BES2002 Poster Presentations Reproduction (28 abstracts)
Department of Reproductive Science & Medicine, Imperial College Faculty of Medicine and St Mary's Hospital, London, UK.
A 29 year old male and his wife presented with an 18 month history of primary infertility. History and initial investigations suggested no major female component but a semen analysis revealed azoospermia. There was no history of any sexual dysfunction and neither partner was receiving any medication. Clinical examination revealed normal secondary sexual characteristics. Both testicles were of normal consistency with a volume of approximately 15mls but a 4x2cm mass was palpable at the lower pole of left testis. Laboratory investigations revealed: serum testosterone 37.1nmol\/l (10.0-38.0 nmol\/l), LH<0.3U\/L (3.0-12.0 U\/L), and FSH <0.1IU/L (3.0-11.0 U/L). Serum beta-HCG, alphaFP, LDH, oestradiol and inhibin levels were within the normal range. A repeated semen analysis, confirmed azoospermia. Testicular ultrasound demonstrated a well-defined hypoechoic mass, measuring 31x23x17 mm and containing several flecks of calcification, arising from the lower pole of the left testis. A left orchidectomy was performed.
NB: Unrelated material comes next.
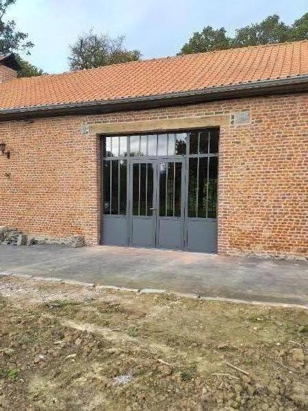Réalisation par MENUISAL avec la série Reynaers CD68 d'une double porte à ouverture extérieure dans le style atelier à Locquignol.

Macroscopical histopathological examination revealed a single firm dark brown nodule 2.8 cm in diameter arising from the lower pole of the testis. The tumour appeared to be distending the capsule of the testis but not extending through it. Microscopical examination was consistent with a Leydig cell tumour. Computerised tomography of the chest, abdomen and pelvis was normal. Six months later laboratory investigations revealed a serum testosterone of 14.3 nmol/l, an LH of 5.4U/L and an FSH of 4.3U/L respectively. A repeated semen analysis was normal: volume 1.8 ml (2-10 ml), count 124x10(super)6(/super)(20-350x10(super)6(/super)), motility 80%(>60%), abnormal forms <15%( <15%).Three months later his wife was pregnant. In summary, our patient presented with azoospermia, secondary to a Leydig cell tumour associated with autonomous testosterone secretion, which was reversible after removal of the tumour.